Macular Thickness Changes in Glaucomatous Optic Neuropathy Detected Using Optical Coherence Tomography

Objective  To correlate macular thickness and retinal nerve fiber layer (RNFL) thickness in normal and glaucomatous eyes using optical coherence tomography.

Methods  Complete examination, automated achromatic perimetry, and optical coherence tomography of the peripapillary RNFL and macula were performed. Exclusion criteria were visual acuity of less than 20/40, diseases other than glaucoma, and unreliable automated achromatic perimetry. Macular thickness measurements were generated using 6 radial optical coherence tomographic scans (5.9 mm) centered on the fovea, and mean and quadrantic macular thickness values were calculated.

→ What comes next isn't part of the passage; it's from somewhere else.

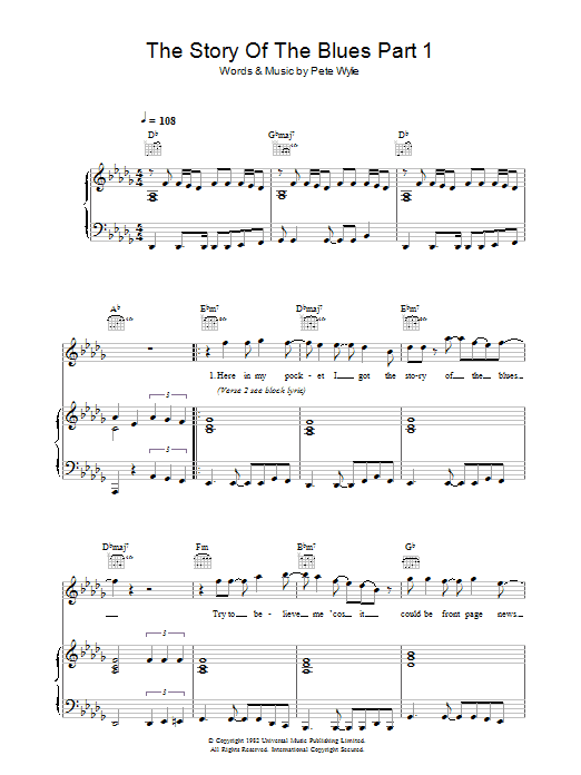 Download or print Wah! The Story Of The Blues Part 1 sheet music, chords and digital score arranged for Piano, Vocal & Guitar Chords. This Pop score includes 5 page(s).

Results  Fifty-nine eyes of 59 patients (29 normal and 30 glaucomatous) were enrolled (mean ± SD age, 56.7 ± 20.3 years; range, 20-91 years). All eyes with glaucoma had associated visual field loss (mean ± SD mean defect, −8.4 ± 5.8 d B). Mean macular thickness was significantly associated with visual field mean defect (R² = 0.47; P<.001), pattern standard deviation(R² = 0.32; P<.001), and mean RNFL thickness (R² = 0.38; P<.001). In glaucomatous eyes with visual field loss localized to 1 hemifield (n = 11), mean ± SD macular thickness in the quadrant associated with the field defect (277 ± 28 µm) was significantly less (P = .005) than in the unaffected quadrant (286± 27 µm). Mean RNFL thickness in the affected quadrant (89 ± 53 µm) was significantly thinner (P = .009) than in the unaffected quadrant (121 ± 39 µm).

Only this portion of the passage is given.